A Wikimedia project and free media repository, the Wikimedia Commons, reached two million media files, on Monday, 8 October. A press release has already been written in English and German; the tentative release date is Tuesday.
According to a post on the Village Pump, growth there is steadily rising, with 120,000-140,000 uploads from July to October of this year. In addition, uploads day-by-day have risen from just triple-digit numbers in 2005 to about 1,000-2,000 in 2006, and then to over 4,000 a day in 2007. New contributors, as with the English Wikipedia's milestone, also continue to rise, and so do new uploads that are uncategorized, unlicensed, and/or permanently orphaned.
Commons users have provided more features related to browsing and manipulating the repository, including Mayflower search and a user script that easily provides ready to use user talk messages. As Wikimedia Commons is powered by MediaWiki, its default search is the search featured provided by MediaWiki. As a result, the quality of searches is often very low, as it mainly searches the image name, and not always what is in the description. This makes it hard for Commons to grow faster, and it makes it harder for free content-seekers to find free media that is suitable for their use.

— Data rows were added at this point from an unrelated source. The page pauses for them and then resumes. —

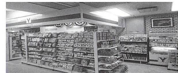
当院の売店：限られたスペースですが、陳列の美しさが自慢です。

その他、グラットでは、本館一階で売店を営業させて頂いています。十坪足らずの店舗面積ですが、二千品目以上を取り扱っております。今後もお客様のニーズにお応えできるよう努力してまいります。
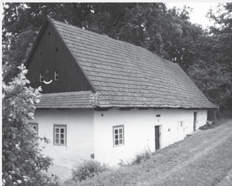
Mlýn Betlém čp. 35 v Zálší. Ve třetím dílu (zcela vzadu) s nevelkou mlýnicí, do níž se podařilo vměstnat jednoduché umělecké složení.

Na závěr zmiňme, že i na Vysokomýtsku stejně jako jinde v Čechách se projevila snaha o modernizaci v realizaci tzv. mlecího složení polouměleckého. Spočívalo v tom, že mlynáři k mlecím kamenům z obyčejného složení doplnili některý ze strojů složení uměleckého, což mohl být třeba i jen kapsový výtah anebo některý ze strojů k čištění obilí či vysévání meliva. Příkladem můžeme uvést mlýn Betlém čp. 35 v Zálší, který měl ve 2. polovině 19. století obyčejné složení doplněné „cylindrem na mletí žita“, tedy hranolovým vysévacem. A tato velmi prostá modernizace mlýna postačovala až do 20. let 20. století.
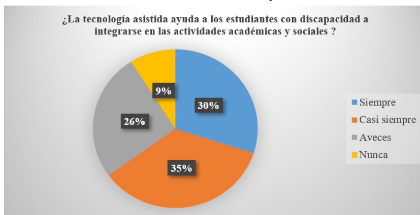
Figura 2. ¿La tecnología asistida ayuda a los estudiantes con discapacidad a integrarse en las actividades académicas y sociales?

Nota: Información obtenida de (Morales, 2021).
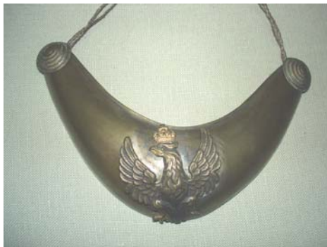
Foto 10. Ryngraf oficerski z okresu Królestwa Polskiego, Muzeum Narodowe w Krakowie, nr inw. V. 299
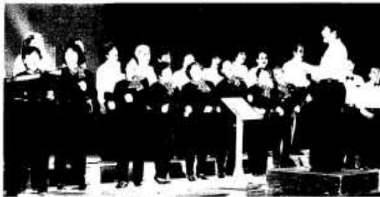
生涯学習社会の形成と文化の香り高いまちづくりを推進

豊かな自然風土と輝かしい歴史と伝統を活かし、心身ともにたくましく健やかに個性豊かな青少年の育成につとめ、生涯学習社会の形成及び文化の香り高いまちづくりを推進します。
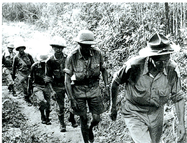
Burma: Alliierte Truppen in beschwerlichem, heissem Aufstieg.
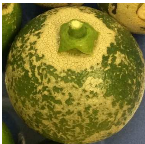
ハウスミカン幼果の被害
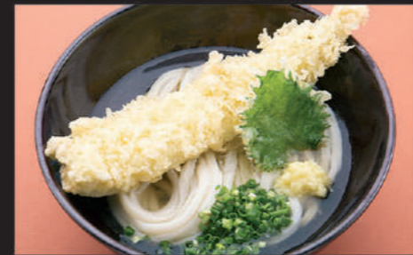
Udon · Conger eel tempura · Beafs teak plant · Ginger · Welsh onion 乌冬面 · 星鰻天妇罗 · 绿紫苏 · 姜 · 葱 우동, 아나고 한마리 튀김, 한잎, 생강, 파

14 穴子一本揚げ天婦羅うどん Anago ipponage Udon 星鰻整条炸天妇罗乌冬面 아나고 잇폰아게 텐푸라 우동 Hot 800yen
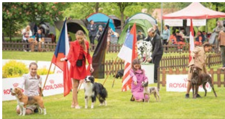
text a foto: Ivica Hromádková

Okrem titulov šampiónov sa ťažilo aj o najkrajšiu dvojicu Chovateľ a pes, a takisto mali šancu aj
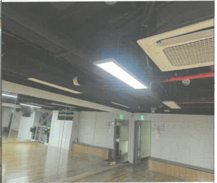
지하 소 체육관 전등 1개소 재결선
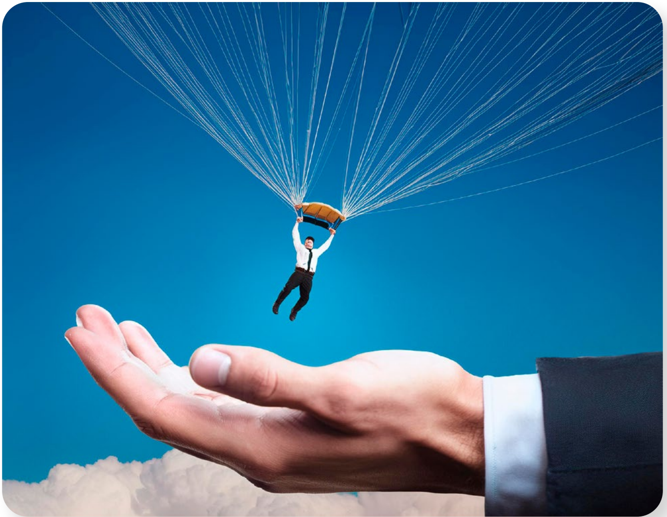
Abb. 2: Prompt: „Ein Mensch in einem Fallschirm landet in einer großen Hand.“
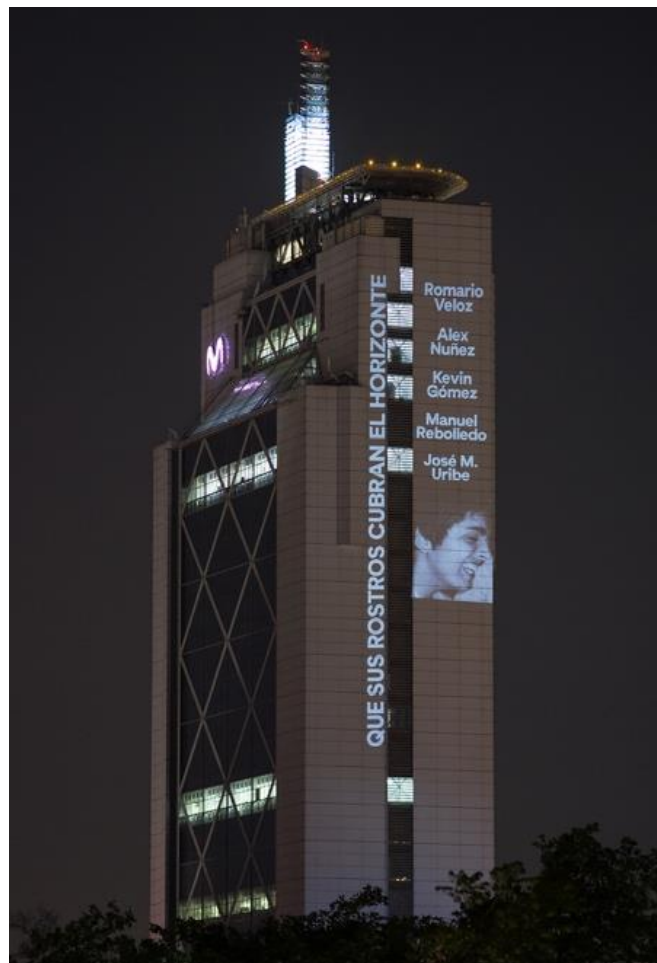
Delight Lab y Raúl Zúrita, Que sus rostros cubran el horizonte . Santiago de Chile, 2019-20.

estéticas no se limita al ámbito de la experiencia estética, sino que lo trasciende, incidiendo sobre las dinámicas del poder en diversos ámbitos del campo social. Esto es posible porque, como sostienen prácticamente todas las teorías contemporáneas del afecto, este tiene un vínculo fundamental con la agencia (p. ej., Gregg y Seigworth, 2010). El afecto no solo está en el centro de cuestiones como el conformismo, la aceptación pasiva del estatus quo, la discriminación de quienes no se alinean con el modelo social hegemónico y los neo-fascismos contemporáneos. También es el motor de los agenciamientos políticos y los esfuerzos por interrumpir la circulación del poder y la lógica del sistema. Así, el término intervención estética se refiere a aquellas prácticas que buscan, desde la experiencia estética que constituyen o posibilitan, resistir, subvertir, deconstruir y/o transformar las dinámicas del poder, tanto aquellas que atraviesan el ámbito de lo estético como aquellas centradas en otros ámbitos de lo político y social.
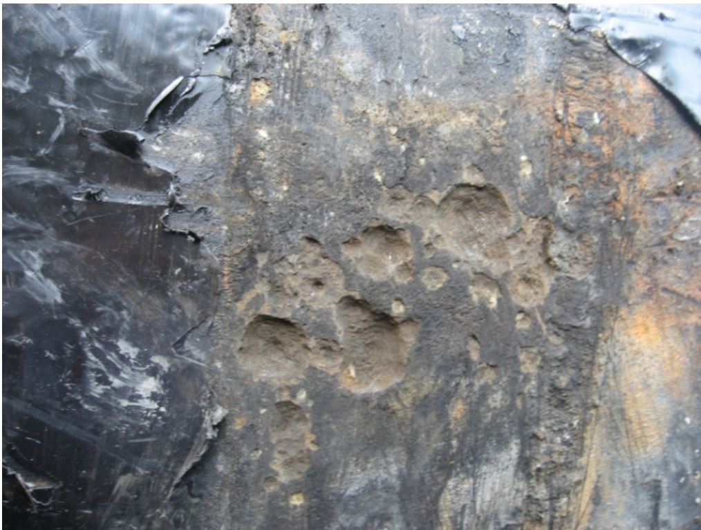
Рисунок 2 – Деградація бітумного покриття

тання і розвиток корозійноактивних мікроорганізмів, з метою надання покриттям біостійкості є актуальною задачею як в науковому, так і практичному аспектах. Встановлено, що найбільш значної дії бактерій зазнає нафтовий бітум в агресивних і дуже агресивних ґрунтах. За тривалої експлуатації трубопроводів з бітумним покриттям в трасових умовах проходить деградація ізоляційного покриття з втратою його діелектричних властивостей, а з часом можливе розтріскування захисного покриття, розвивається підплівкова корозія, внаслідок якої утворюються ямки на металі (рис. 2).
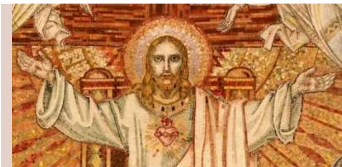
Mosaïque de la chapelle du Sacré-Cœur à Hasparren.

à Hasparren ; il y eut enfin la fondation d'une mission pour les Basques à Buenos Aires, en Argentine, au début de 1897.

Contributing to the low quality of searches, contributors there often upload media that is non-descriptive and uncategorized, making it hard for everyone to find media. Renaming files is not easy either; instead, one must upload the file again under a new name, and then tag the old one for speedy deletion. This is similar to transferring media from Wikipedia to Commons; one must download the file and then upload it again in Commons. A bug regarding this issue, reported three years ago, still has not been fixed.

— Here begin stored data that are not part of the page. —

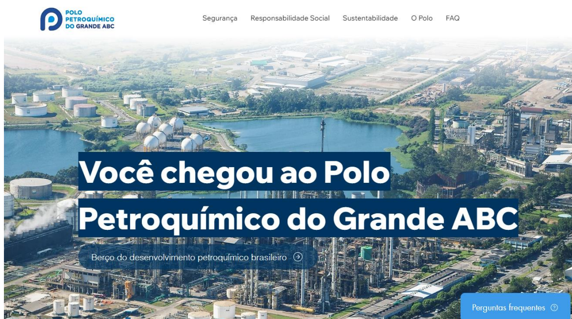
Imagem 1: Página inicial do projeto de site para o Polo Petroquímico do ABC

Foram apresentados alguns pontos principais do site, que conta com página inicial com menu enxuto (Segurança, Responsabilidade Social, Sustentabilidade, O Polo, e FAQ), principais informações em destaque, presença de botões que redirecionam para as páginas com mais informações, textos mais objetivos e um botão fixado na tela do usuário que remete à página “Perguntas Frequentes” (FAQ) – que aparece como um recurso útil e prático para responder aos principais questionamentos sobre o Polo.
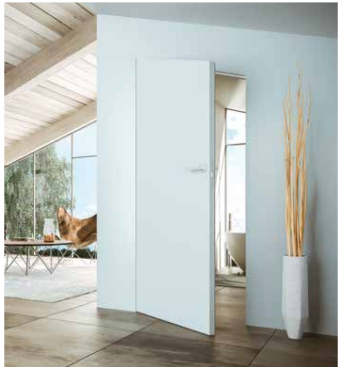
Essential Battente Trapezoidale - Essential Swing Trapezoidal Shape
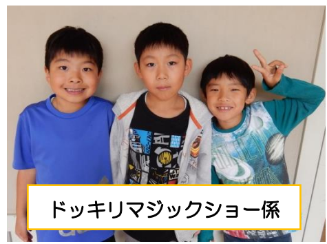
ドッキリマジックショー係
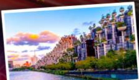
อาคารพันต้นไม้

ชมการแสดงพลุสุดปังที่สวนสนุกดิสนีย์แลนด์
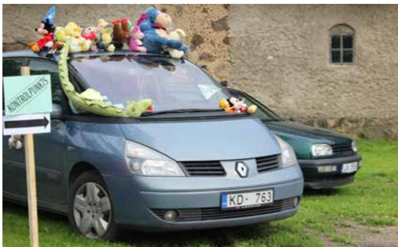
Maršrutā bija iekļauti 14 kontrolpunkti
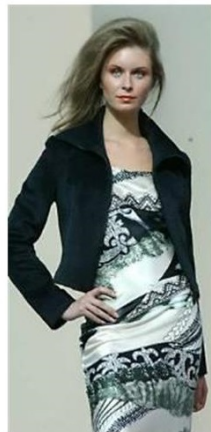
Модели вечерней одежды
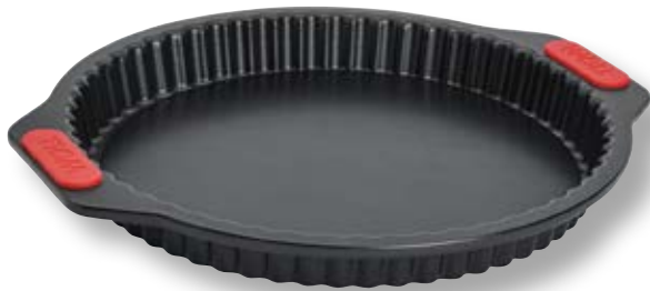
Stampo per quiche
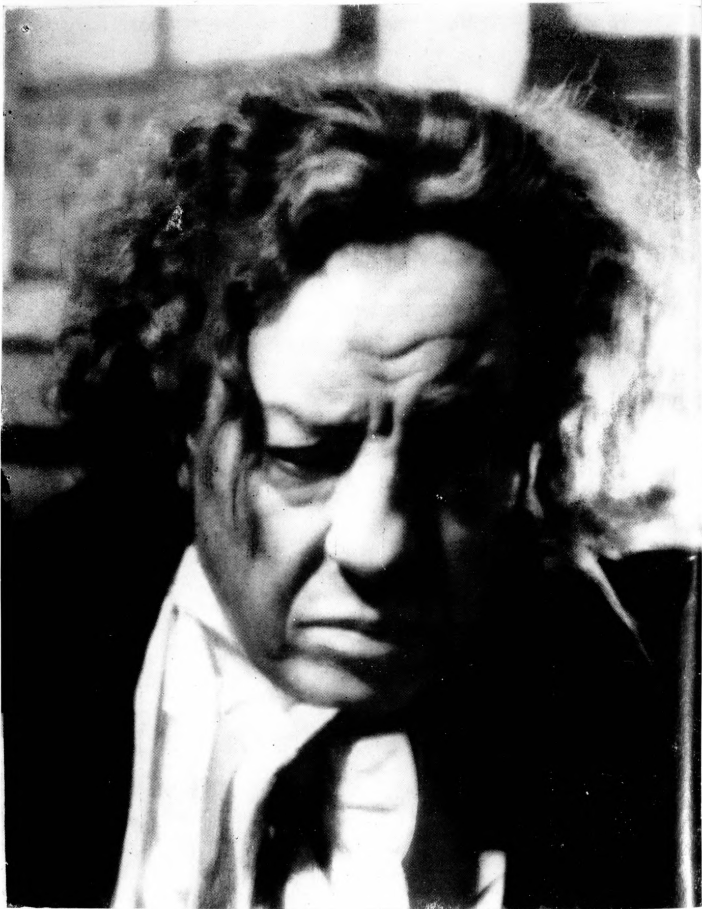
»Beethoven szerelme« (Vérző vágyak) Harry Baur monumentális filmszerepe
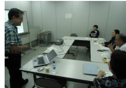
超高齢化社会について・・・皆、真剣です
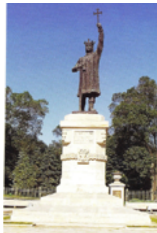
Monumentul lui Ștefan cel Mare realizat de Alexandru Plămădeală în anul 1927.
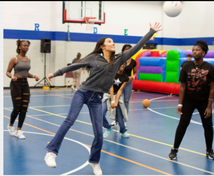
EVENTOS TEEN TURNOUT
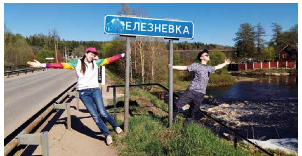
Самые активные летние корреспонденты
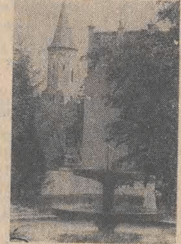
Malowniczy fragment Pabianic.
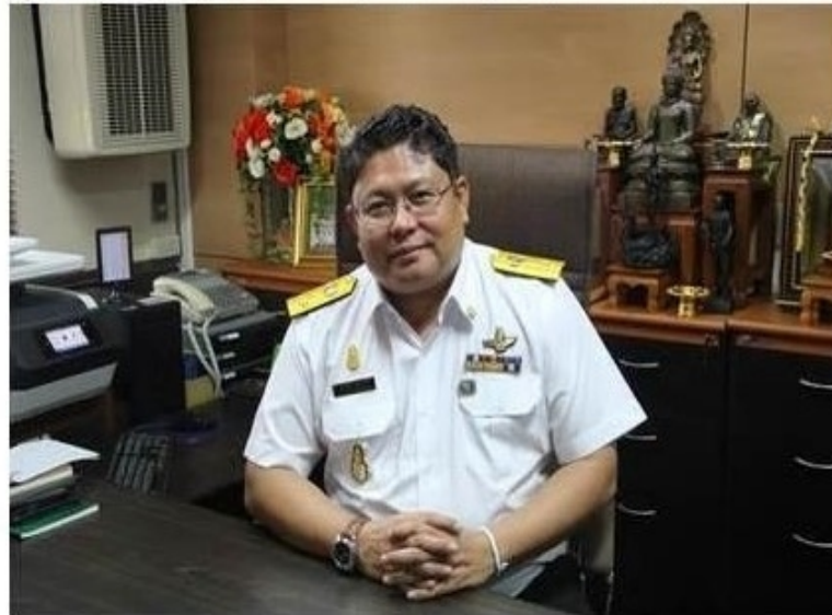
รูปทั้งหมด

ข่าวทั่วไป ThaiPR.net -- พุทธศักราช 2561 25 มกราคม 2561 16:41:42 น.
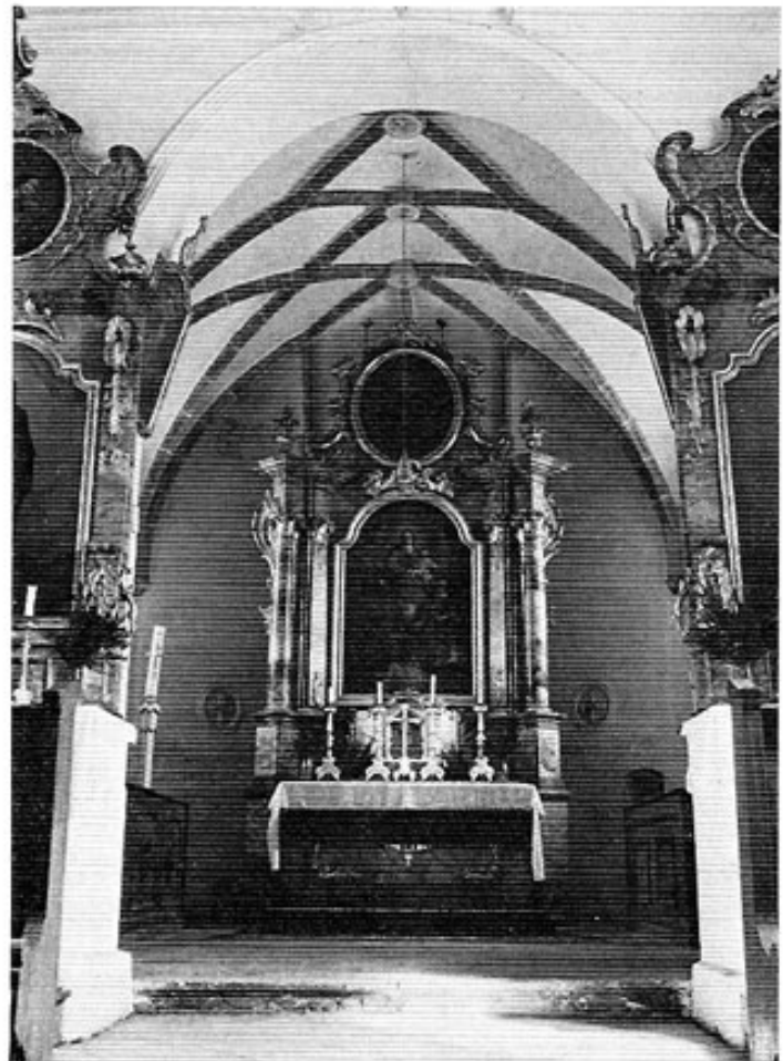
St. Jakob in Ottershausen. Altarraum mit gotischem Netzgewölbe.

As evident from an anonymous user's first view of its Main Page, the lingua franca is English. However, as English is only the third most-spoken language in the world, this leads into a localisation (L10n) problem for the rest of the world accessing and manipulating the repository. However, as a post on that thread points out:
“ | If multilanguage support would be seamless, with ability to browse Commons in any language of both page and interface text, there would be greater interest in the project as well as greater interest in localizing a bigger part of it. I don't think that there would be more languages than currently on the main page (77). Even now, wherever it is possible, multilingual support is quite strong. Nikola Smolenski 19:35, 11 October 2007 (UTC) | ” |
Another post agrees:
“ | Agree completely, we are only a small notch away from multilanguage. Wiki is still in its infancy, so a more realistic language count might be in the order of 086w. (in 2008) and a potential of 1000+. | ” |
Much like the good article and featured article processes present in Wikipedia, Commons has its similar Quality Images and Featured Pictures processes. Quality Images was started in 2006, and since then, there were a thousand images nominated and passed in over a year. Featured Pictures will reach 1,000 pictures soon.